Brandt skillfully fills in the details of life on the high seas in one of the coldest and most unforgiving areas on the planet, describing in dreadful and often witty detail the many doomed vessels and the men who fell to brittle pieces aboard them. This is engrossing stuff, to be sure, but it ends with a nightmarish mystery that remains unsolved to anyone's complete satisfaction to this day, namely the vanishing of HMS Terror and Erebus, commanded by Francis R.M. Crozier on the former and poor old Sir John Franklin. The two vessels set sail in 1845 with reinforced, ice-breaking hulls and equipped with provisions for three years. Not a man aboard was ever seen alive by English eyes again. It was as though they had been swallowed whole by the ice, and although much is now known of the doomed duo's fatal misadventures, the ghastliest knowable is that before the ice swallowed them, they swallowed each other. Brrrrr! That's some frosty noms you've got there, sir. Mind if I cut in? I slay me.

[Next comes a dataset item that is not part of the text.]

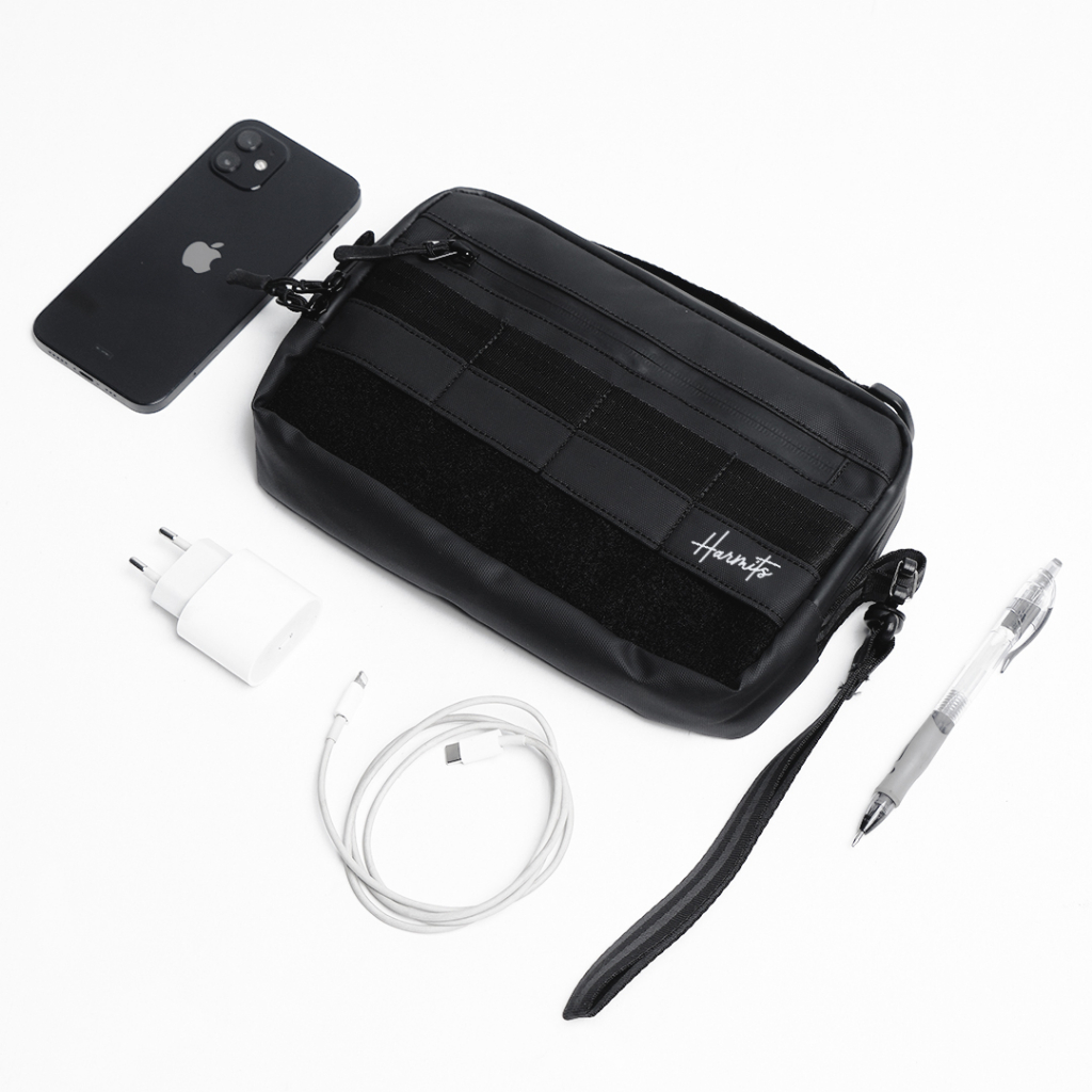 Detail Harmits Project ALTER Clutch Pria Warna Hitam Multifungsi (Hand bag + Sling bag + Hanging bag) Bahan Bimo Nilon Waterproof

I also enjoy reading nonfiction accounts of the deaths of others as much as anyone (which is everyone), but the enigma of the Erebus and Terror is apparently so tantalizing that it has also spawned a number of fictional narrative accountings of the mystery. The best of these is aptly titled The Terror, by jack-of-all-genres Dan Simmons. Simmons' book, recounting the voyage(s) into hell's gaping, blinding white maw, is a far grislier account of Crozier and Franklin's final frosty fate.

Replete with mutiny, scurvy, an Anglo-Inuit-killer-snow-monster love triangle, and horrors galore, The Terror is also a keenly reasoned meditation on both the folly of these long-ago explorers and the majesty of their seemingly impossible accomplishments. Did I mention there's also a clandestine gay love affair mixed in amidst the heaving floes, thrusting bergs, and hull-pulverizing pack ice? No? There is, and it's doomed. Of course, everything about the Erebus and her sinisterly christened sister the Terror is doomed. Doom, doom, doom: in the end they weren't even food for the worms, because there are no worms in the Canadian arctic. There is only oblivion, and Simmons summons it in high style and even higher tragedy.

On a lighter note and a heavier stomach, I've been re-reading the collected works of the late, great Don Marquis. A newspaperman when the term actually meant something, Marquis penned pounds of exquisite observational humor in the pages of (equally late) New York Sun newspaper. But it wasn't Marquis himself doing the writing, you see, it was archy the cockroach, who would crawl into the newsroom late at night and, hopping from Marquis' typewriter key to typewriter key, pound out lower-case rhapsodies and observations on turn-of-the-20th century city life for the edification of all, but mostly for his yowly accomplice, mehitabel the cat. Marquis was a humorist in the same way Mark Twain was a novelist: a gimlet eye with droll, drooping lids and irony to burn. Great fun, and all true, most of it.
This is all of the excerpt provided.